Segment Start: Records for this task
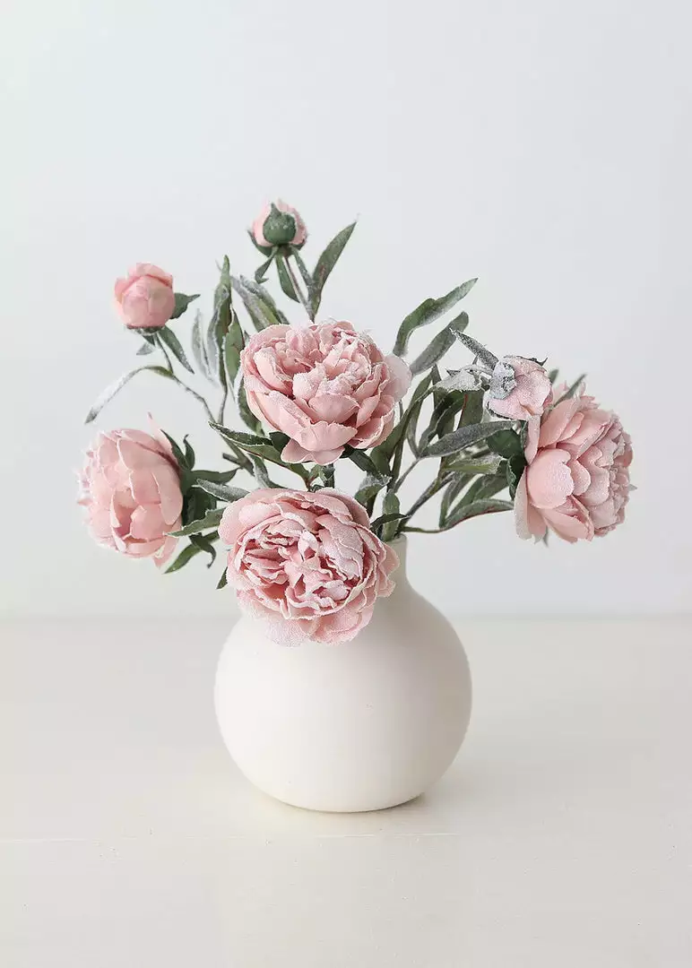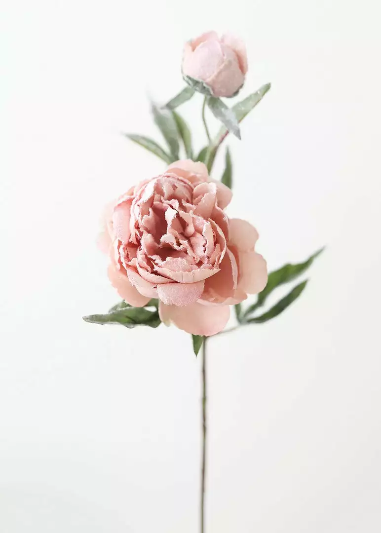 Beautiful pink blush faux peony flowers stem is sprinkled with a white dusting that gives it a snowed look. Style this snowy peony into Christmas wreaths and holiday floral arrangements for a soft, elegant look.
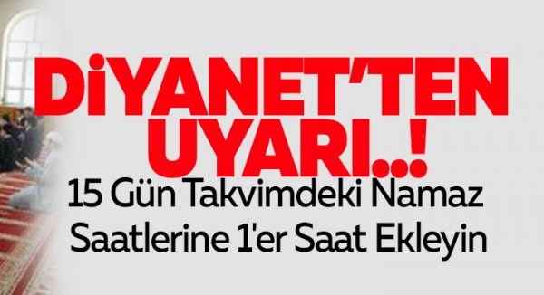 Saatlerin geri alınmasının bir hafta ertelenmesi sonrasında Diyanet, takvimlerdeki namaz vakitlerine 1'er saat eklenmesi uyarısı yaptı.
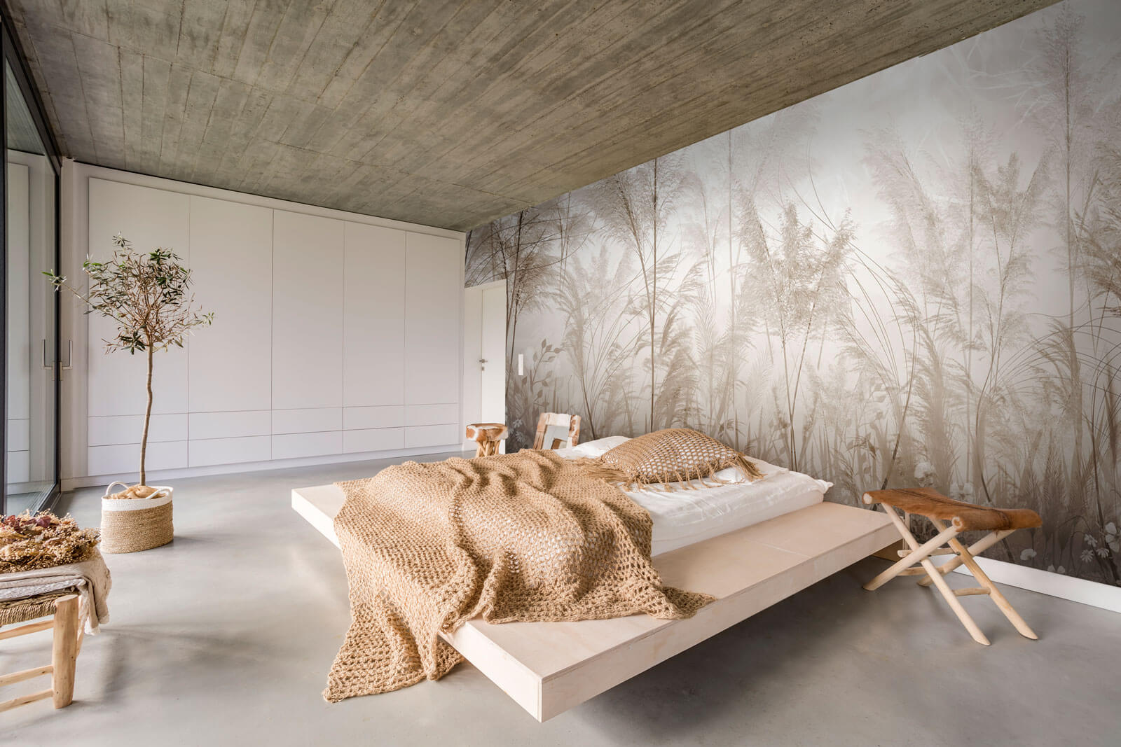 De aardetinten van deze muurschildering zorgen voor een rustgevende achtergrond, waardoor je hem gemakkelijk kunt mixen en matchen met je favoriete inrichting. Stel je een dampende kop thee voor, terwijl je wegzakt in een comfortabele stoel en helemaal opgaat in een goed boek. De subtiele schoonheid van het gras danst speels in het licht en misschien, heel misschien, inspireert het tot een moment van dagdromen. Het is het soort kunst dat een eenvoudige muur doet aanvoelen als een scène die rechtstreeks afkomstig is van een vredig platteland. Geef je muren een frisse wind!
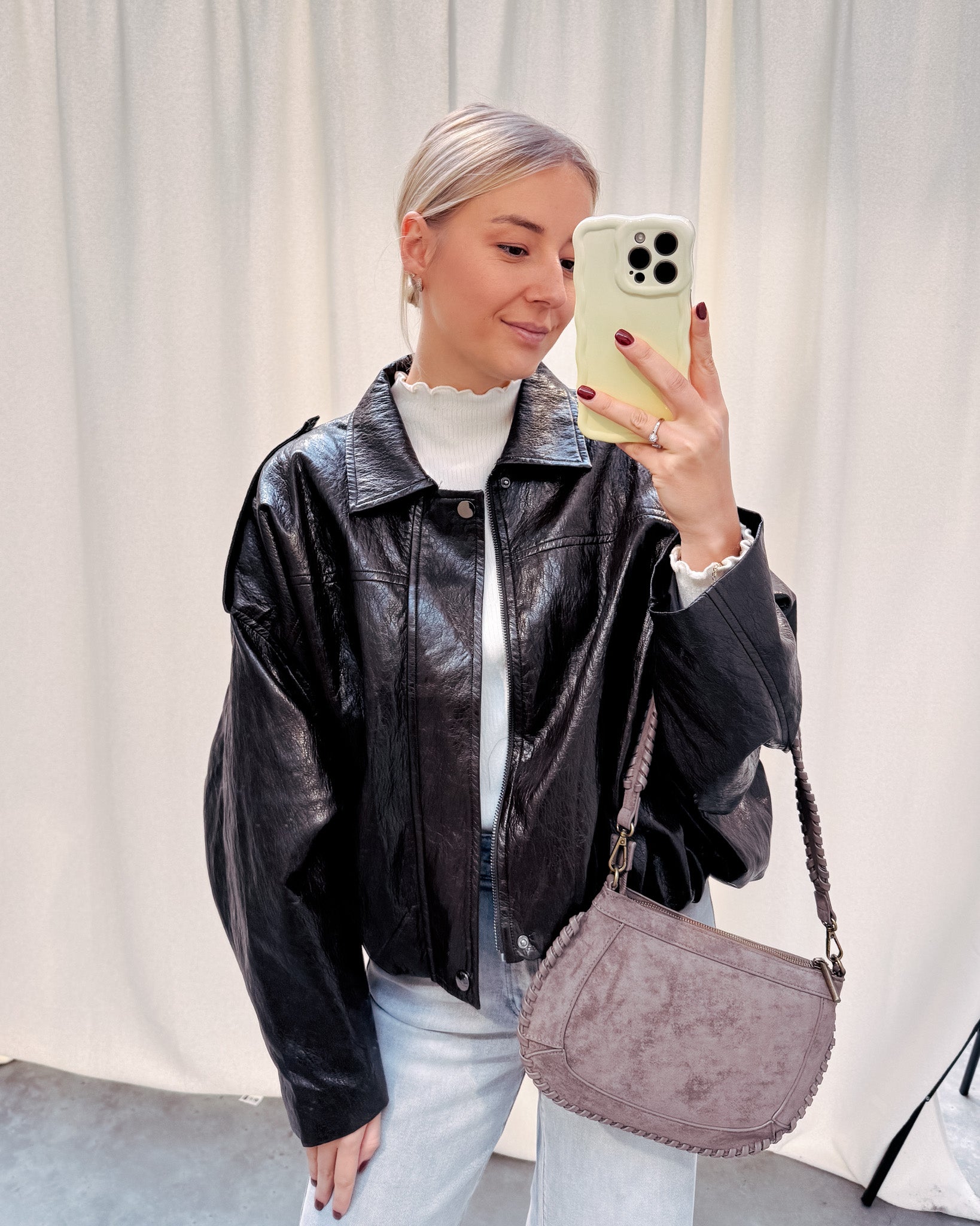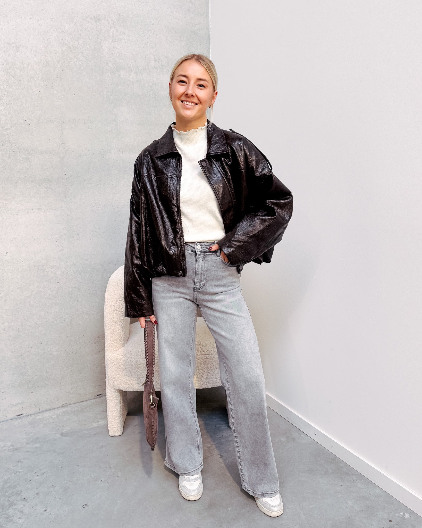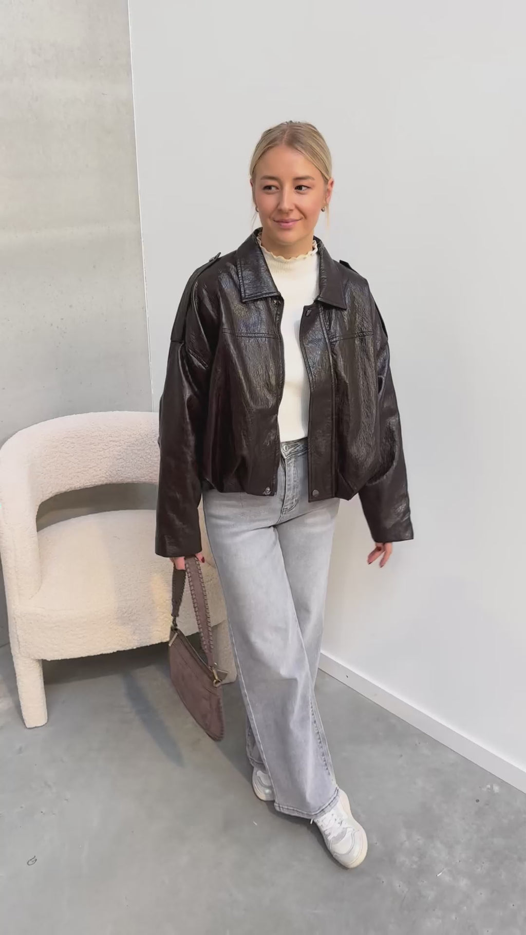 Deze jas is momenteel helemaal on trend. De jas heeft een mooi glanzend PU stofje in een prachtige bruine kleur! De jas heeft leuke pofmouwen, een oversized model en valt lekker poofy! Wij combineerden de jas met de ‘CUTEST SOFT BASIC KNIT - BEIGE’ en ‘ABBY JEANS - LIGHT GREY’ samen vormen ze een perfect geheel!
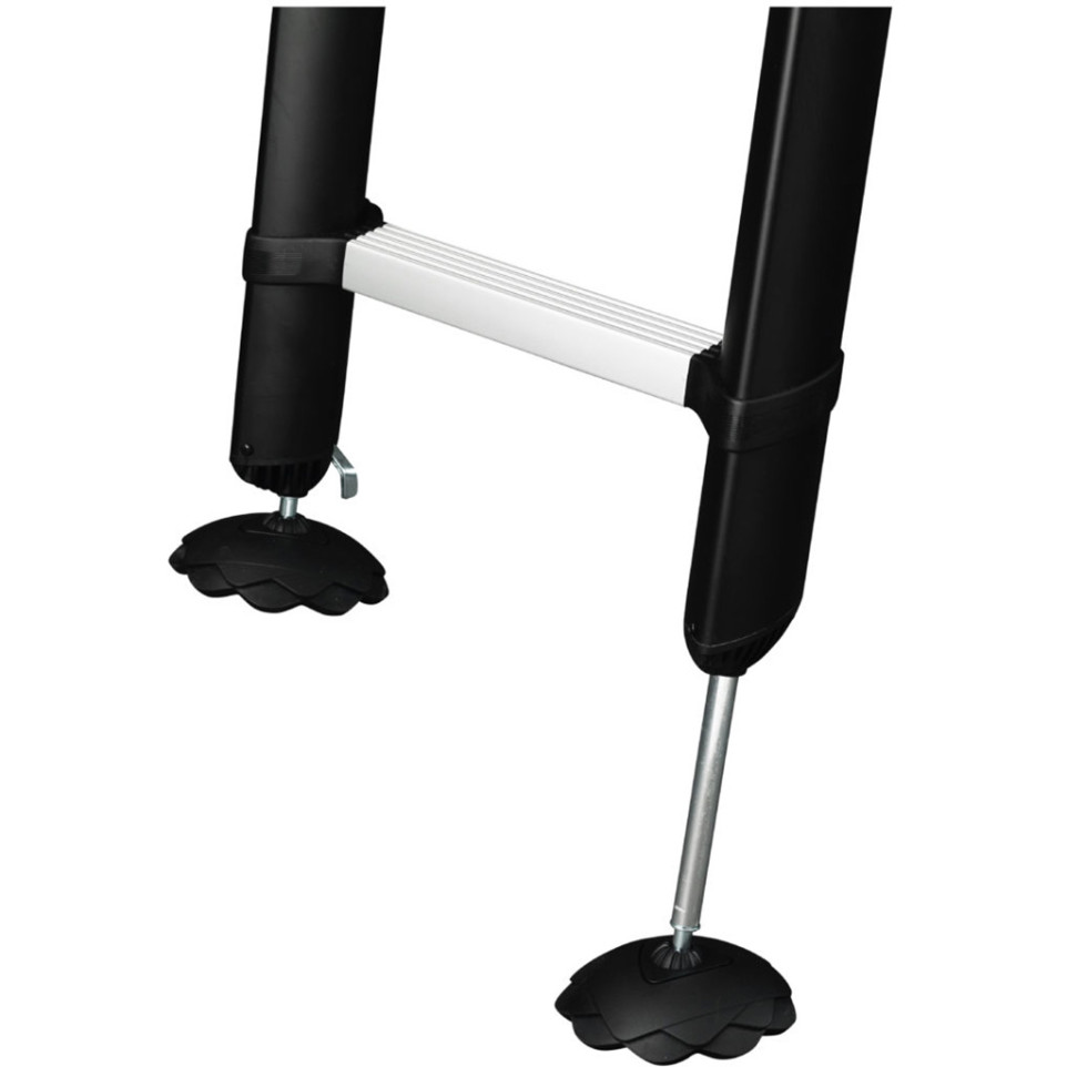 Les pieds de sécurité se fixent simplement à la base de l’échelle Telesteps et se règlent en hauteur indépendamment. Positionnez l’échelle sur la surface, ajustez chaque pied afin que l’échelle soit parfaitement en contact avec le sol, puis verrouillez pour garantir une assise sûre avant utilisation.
Segment End: Records for this task
■ **Exercise instructions**: What is needed here is an exact transcript of the data above, pictures excluded.

■ **Solution**:
 Beautiful pink blush faux peony flowers stem is sprinkled with a white dusting that gives it a snowed look. Style this snowy peony into Christmas wreaths and holiday floral arrangements for a soft, elegant look.
 Saatlerin geri alınmasının bir hafta ertelenmesi sonrasında Diyanet, takvimlerdeki namaz vakitlerine 1'er saat eklenmesi uyarısı yaptı.
 De aardetinten van deze muurschildering zorgen voor een rustgevende achtergrond, waardoor je hem gemakkelijk kunt mixen en matchen met je favoriete inrichting. Stel je een dampende kop thee voor, terwijl je wegzakt in een comfortabele stoel en helemaal opgaat in een goed boek. De subtiele schoonheid van het gras danst speels in het licht en misschien, heel misschien, inspireert het tot een moment van dagdromen. Het is het soort kunst dat een eenvoudige muur doet aanvoelen als een scène die rechtstreeks afkomstig is van een vredig platteland. Geef je muren een frisse wind!
 Deze jas is momenteel helemaal on trend. De jas heeft een mooi glanzend PU stofje in een prachtige bruine kleur! De jas heeft leuke pofmouwen, een oversized model en valt lekker poofy! Wij combineerden de jas met de ‘CUTEST SOFT BASIC KNIT - BEIGE’ en ‘ABBY JEANS - LIGHT GREY’ samen vormen ze een perfect geheel!
 Les pieds de sécurité se fixent simplement à la base de l’échelle Telesteps et se règlent en hauteur indépendamment. Positionnez l’échelle sur la surface, ajustez chaque pied afin que l’échelle soit parfaitement en contact avec le sol, puis verrouillez pour garantir une assise sûre avant utilisation.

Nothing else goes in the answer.